### Exercise inputs ###
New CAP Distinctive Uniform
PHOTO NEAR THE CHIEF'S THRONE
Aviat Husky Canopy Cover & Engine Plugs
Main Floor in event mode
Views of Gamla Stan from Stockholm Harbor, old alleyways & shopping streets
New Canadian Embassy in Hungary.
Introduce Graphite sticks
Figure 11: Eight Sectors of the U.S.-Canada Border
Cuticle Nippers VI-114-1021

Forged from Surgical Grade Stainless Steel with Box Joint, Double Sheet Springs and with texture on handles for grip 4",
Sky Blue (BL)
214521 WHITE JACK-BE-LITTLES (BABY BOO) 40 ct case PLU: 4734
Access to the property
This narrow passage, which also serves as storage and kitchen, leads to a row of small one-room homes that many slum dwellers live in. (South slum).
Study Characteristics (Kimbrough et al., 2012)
###
### Exercise inputs ###
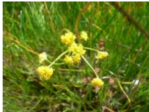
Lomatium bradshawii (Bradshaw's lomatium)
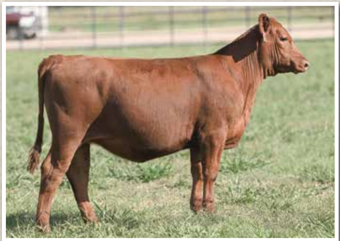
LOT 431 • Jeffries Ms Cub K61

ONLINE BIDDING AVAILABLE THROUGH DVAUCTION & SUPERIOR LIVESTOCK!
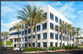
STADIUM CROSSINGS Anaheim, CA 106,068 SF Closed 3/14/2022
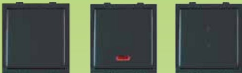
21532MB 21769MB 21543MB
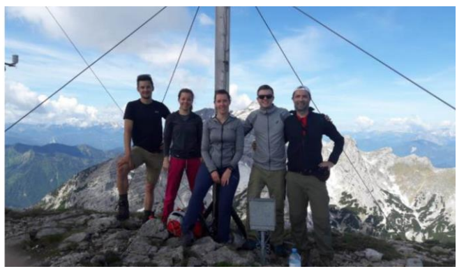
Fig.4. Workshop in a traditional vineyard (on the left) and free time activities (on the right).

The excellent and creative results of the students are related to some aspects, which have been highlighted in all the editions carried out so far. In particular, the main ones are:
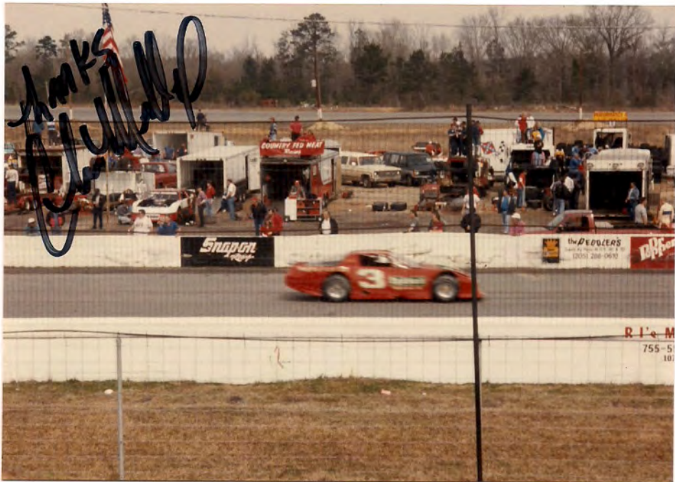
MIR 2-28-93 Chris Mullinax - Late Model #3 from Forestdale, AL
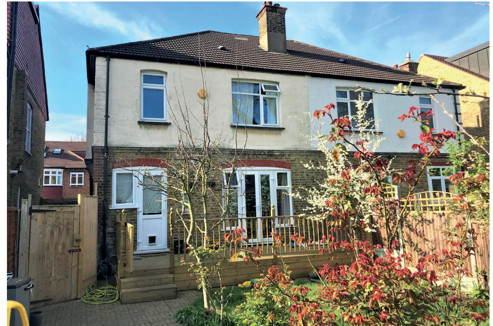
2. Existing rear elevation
###
[To do]:
Take the records above and return, word for word, only the lines that fall from the line with "Forged from Surgical" to the line with "Study Characteristics (Kimbrough", both of them included.

[Exercise response]:
Forged from Surgical Grade Stainless Steel with Box Joint, Double Sheet Springs and with texture on handles for grip 4",
Sky Blue (BL)
214521 WHITE JACK-BE-LITTLES (BABY BOO) 40 ct case PLU: 4734
Access to the property
This narrow passage, which also serves as storage and kitchen, leads to a row of small one-room homes that many slum dwellers live in. (South slum).
Study Characteristics (Kimbrough et al., 2012)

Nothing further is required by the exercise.